Exercise 1 – Locate a root by sign changes
Work with the preset function f(x) = x³ − x − 2. Scan an interval and automatically detect subintervals where f changes sign, indicating at least one root.
Discussion
The scan does not give the root directly but identifies where to start more precise methods such as bisection or Newton’s method.
Bisection (dichotomy) method
Lesson: systematically shrink an interval that brackets a root.
Exercise 2 – Bisection on x³ − x − 2
Use the bisection method to approximate a root of f(x) = x³ − x − 2, starting from the default bracket [1, 2], which is known to contain a root. Choose the maximum number of iterations and a tolerance for the interval length.
Algorithm
Given a continuous f and [a, b] with f(a) * f(b) < 0:
for k = 0, 1, 2, ...
c = (a + b) / 2
if f(c) = 0 or (b - a)/2 < tolerance: stop
else if f(a) * f(c) < 0:
b = c
// root in [a, c]
else:
a = c
// root in [c, b]
Newton’s method (Newton–Raphson)
Lesson: use tangent lines to converge rapidly to a root.

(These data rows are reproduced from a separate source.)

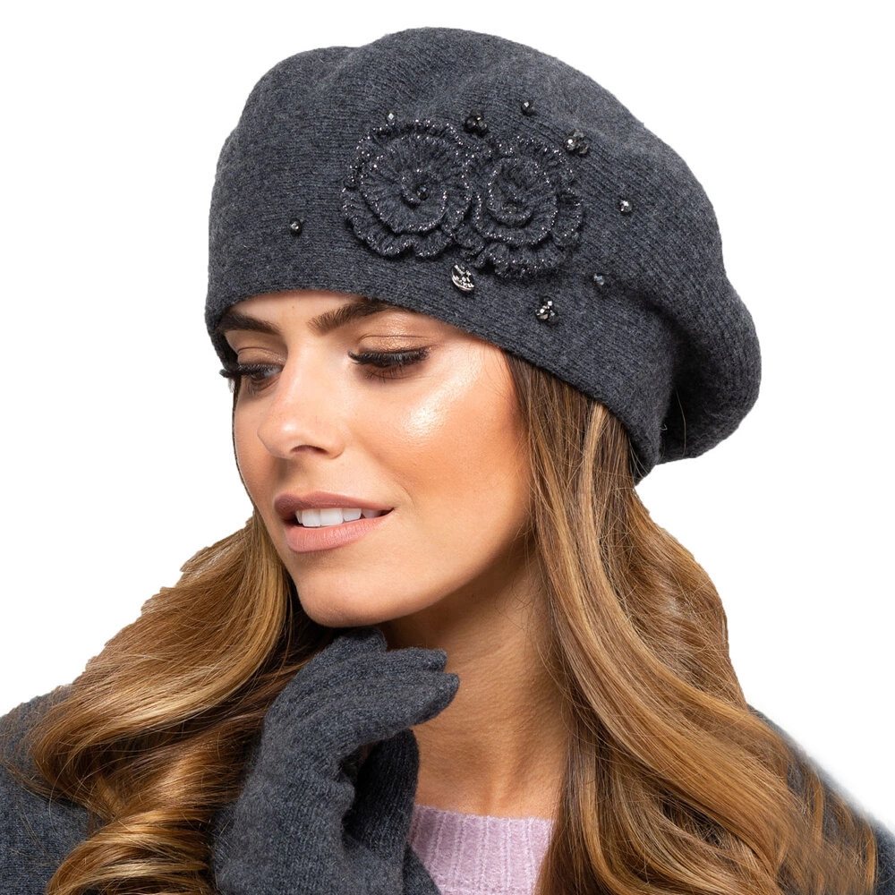Kamea Damen Baskenmütze Kopfbedeckung Herbst Winter Barcelona, Dunkelgrau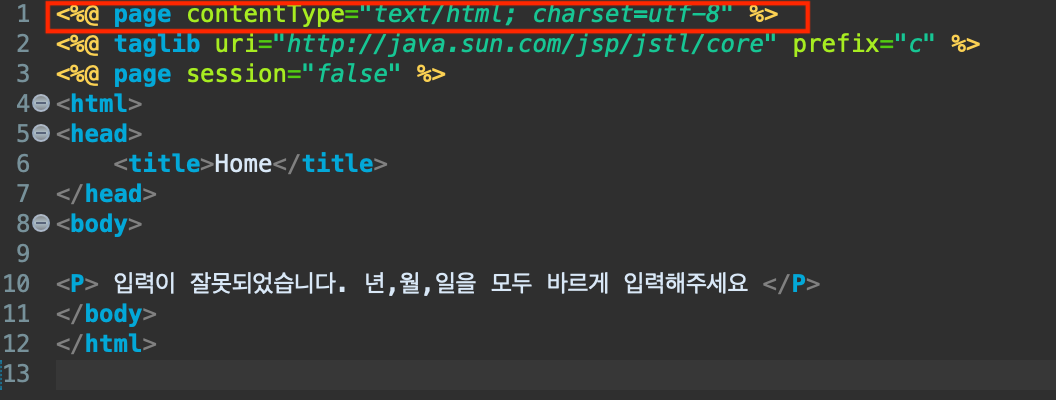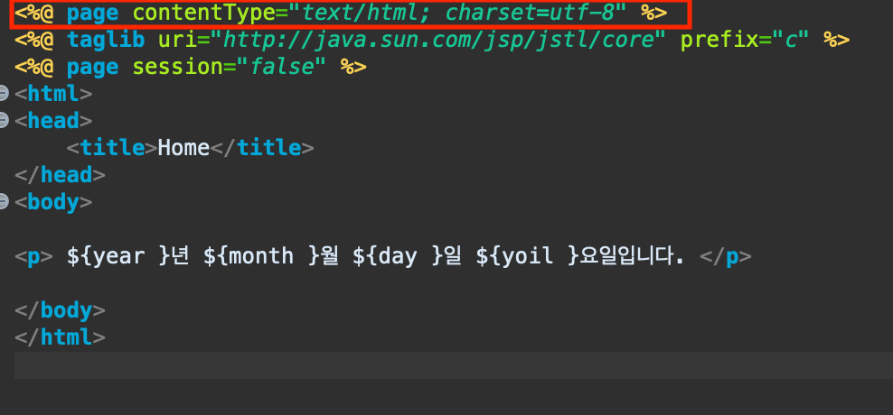 페이지의 text/html , utf-8 타입 설정 하는 항목 넣기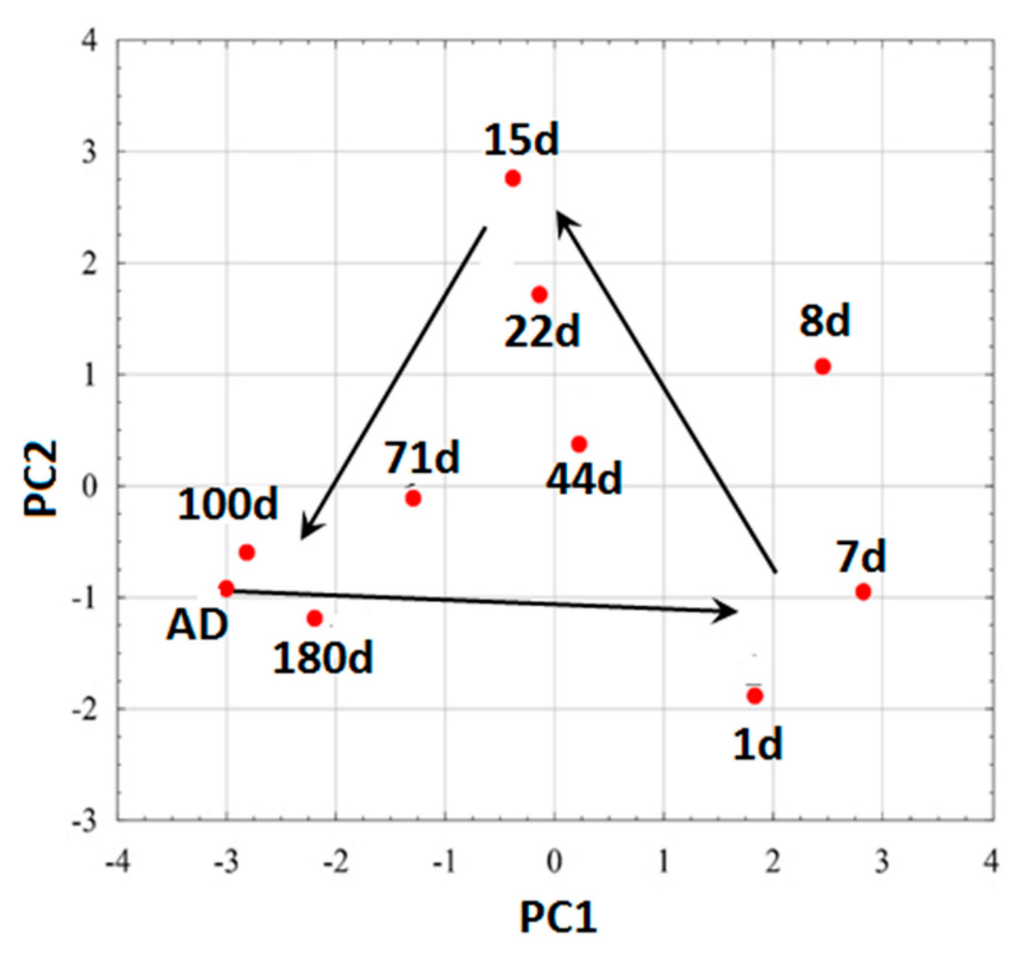 The most clustered results of the first measurement, (AD soils in Figure 3), indicate that the storage of a soil in AD conditions somehow equalizes the influence of the soil origin (type) on the volatile fingerprint. The microbial activity of AD soil is practically zero; however, the microorganisms can still be reactivated [50].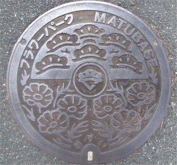 旧松橋(まつばせ)町の蓋で町章と町の花秋桜、町の木松がデザインされています。松橋町曲野28辺りの路上に有りました。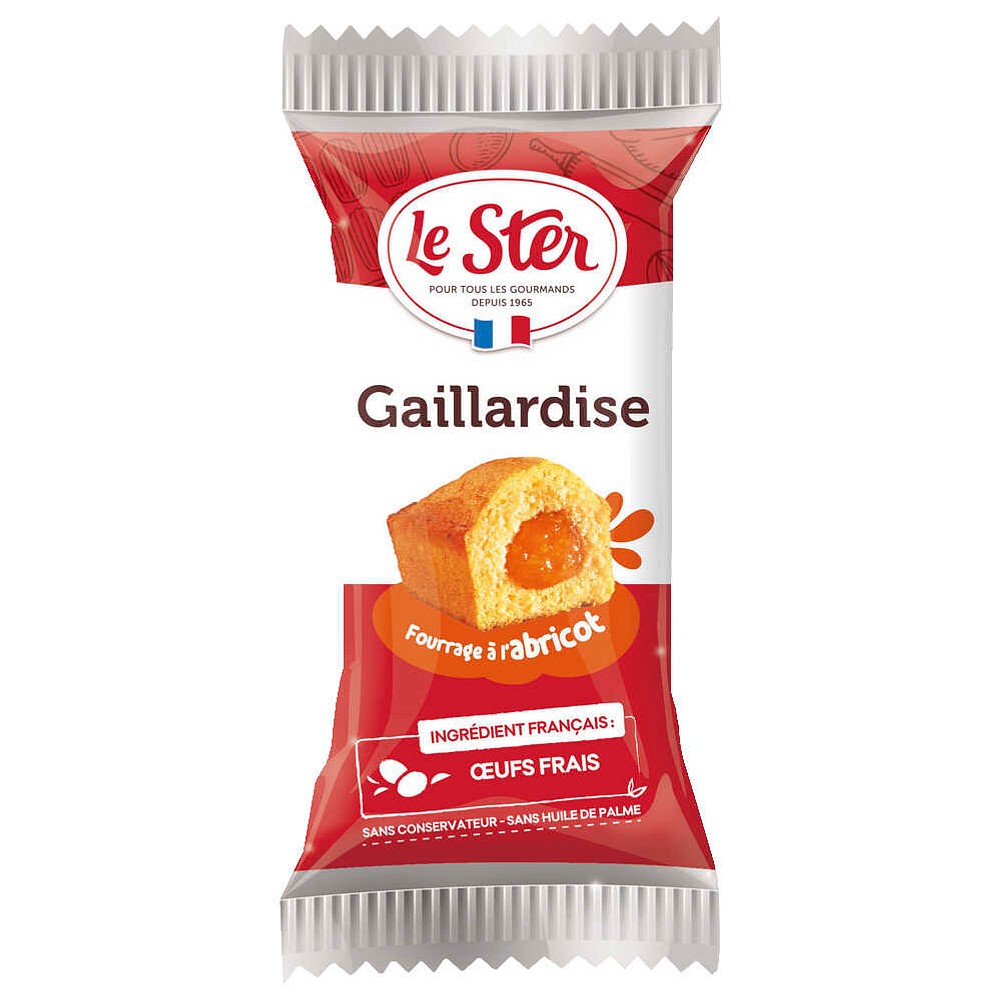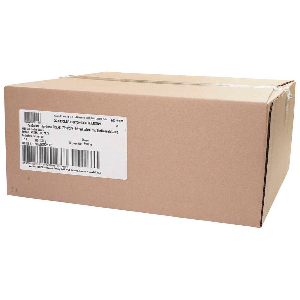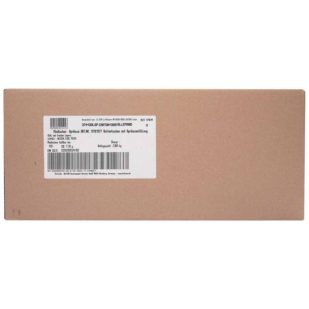 | Zutatenverzeichnis | Gebäck (75%): WEIZENmehl, Zucker, EIER, BUTTER 13%, Glukose-Fructose-Sirup, Stabilisator: Glycerin; Dextrose, Backtriebmittel: Diphosphat, Natriumcarbonat; Stärke, natürliches Aroma, Salz.Aprikosenfüllung (25%): Zucker, rekonstruiertes Aprikosenmark 24% (entspricht 40% von Früchten), Glukose-Fructose-Sirup, Geliermittel: Pektin; Säuerungsmittel: Milchsäure; Aroma, Salz, Farbstoff: E163. |

Exercise 3 – Newton’s method on cos(x) − x
Consider f(x) = cos(x) − x, which has a root near x ≈ 0.739. Choose an initial guess x₀ and iterate Newton’s method up to a given number of steps, observing the convergence.
Iteration formula
For f(x) = cos(x) − x:
f'(x) = −sin(x) − 1
Newton iteration:
x_{n+1} = x_n − f(x_n) / f'(x_n).
Stop when |x_{n+1} − x_n| is below the chosen tolerance or
when the maximum number of iterations is reached.